Thursday, September 27, 2018

In Ira Sher's "The Man in the Well," what are the main themes? How can this story be connected to William Golding's Lord of the Flies?

"The Man in the Well," like Lord of the Flies, shows how brutally children can act when they aren't bound by consequences and the normal rules of society. Outside of the standard norms, children aren't yet old enough to have developed consciences that make them react with empathy in groups. This is shown in both the story and the novel.
The children who find the man down the well decide to keep him there indefinitely. When they don't help at first by alerting their parents to what's going on, they decide to instead bring him food and keep him alive in the well. This backfires on them when he finds out what their actual names are; there is now the possibility that they could get in trouble. They choose their own self-interest over helping another human being and decide to leave him in the well rather than risk their parents being upset with them.
The children stranded on the island in Lord of the Flies experience this on a much greater scale. They are completely outside the realm of normal society and adult supervision. Their empathy and concern for others evaporate as they form a new society built on strength. Simon is killed by accident, but Piggy is killed when he tries to impose order and rules on their new society.

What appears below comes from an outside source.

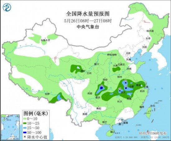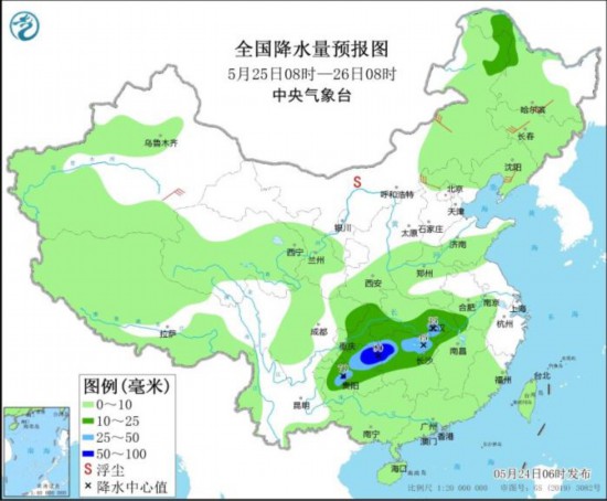 5月25日08时至26日08时,内蒙古东北部、黑龙江西北部、江汉、江南北部、西南地区东部等地部分地区有中到大雨,其中,湖南西北部、重庆东南部、贵州中部和东北部等地部分地区有暴雨(50~90毫米)。内蒙古中东部、黑龙江东南部、吉林中部、辽宁东部、新疆南疆盆地、河北北部等地部分地区有5~6级风。此外,内蒙古西部的部分地区有扬沙或浮尘天气。

Jack and his followers choose to kill an innocent person rather than risk their own positions.
Both sets of children act in their own self-interest instead of helping and safeguarding others.


The main themes in Ira Sher's "The Man in the Well" are the need for control and the human tendencies toward callousness, savagery, and protection of one's own self-interest; William Golding's Lord of the Flies emphasizes the same themes.
In "The Man in the Well," a group of nine-year-olds discover a man trapped in a well. Instead of helping the man, the children abandon him after he learns their names. The need for control is a reverberating theme in this part of the story. The children most likely feel less in control of the situation once they accidentally reveal their names to a complete stranger. To protect themselves, the children abandon the man. The savage impulse to protect oneself at all costs kicks in. Hence, the boys decide to leave the man to his fate.
The same savagery and primitive instincts can also be noted in Lord of the Flies, in which a group of boys find themselves in a deserted island. At first, they want to establish an ordered, civilized society. This does not last long, however, once Jack takes control of the group. The group's downward spiral reaches its lowest level when they kill Simon and Piggy. The boys also hunt Ralph to kill him. Young kids, away from the watchful eyes of adults, might revert to their primitive tendencies, probably because of inexperience and immaturity—but Golding suggests that this tendency of human nature might be common to adults, too.


When the children stumble onto the man in the well, it occurs to them to go for help, but they soon agree implicitly to do nothing to get him rescued. They delude themselves that they are helping him by throwing food and water down at him.
The story's themes are the power of consensus over individual conscience, and the quick spread or contagion of mob mentality. Another theme in common with Lord of the Flies is the rejection of difference or deviance.
When Aaron breaks the unwritten rule and names them all, he resembles Simon in Golding's novel, trying to convince the other boys that the beast is actually them. Once evil has taken hold in a group, speaking truth to power may be ineffective if just one person speaks up and he will be ostracized or perhaps even destroyed.


One possible theme of "The Man in the Well" is how children create their own values, rules, and standards when they're no longer under adult supervision. This theme would certainly link the story with Lord of the Flies. The group of boys in "The Man in the Well" don't behave according to the prevailing norms of adulthood when they see that the man is trapped. Instead, they leave him to his fate despite promising to go get some help.
For the boys in both stories, there's an initial sense that they've been liberated from the usual constraints of home and school life. In Sher's story, the boys appear to feel that saving the man would somehow curtail the precious freedom they enjoy far from the prying eyes of their parents. They seem to like the fact that, for once, they are placed in the role traditionally fulfilled by adults, that they are the ones in control. It's a similar story in Lord of the Flies. Ralph and Jack each want to be in charge; they each want to take on the mantle of supervising adult.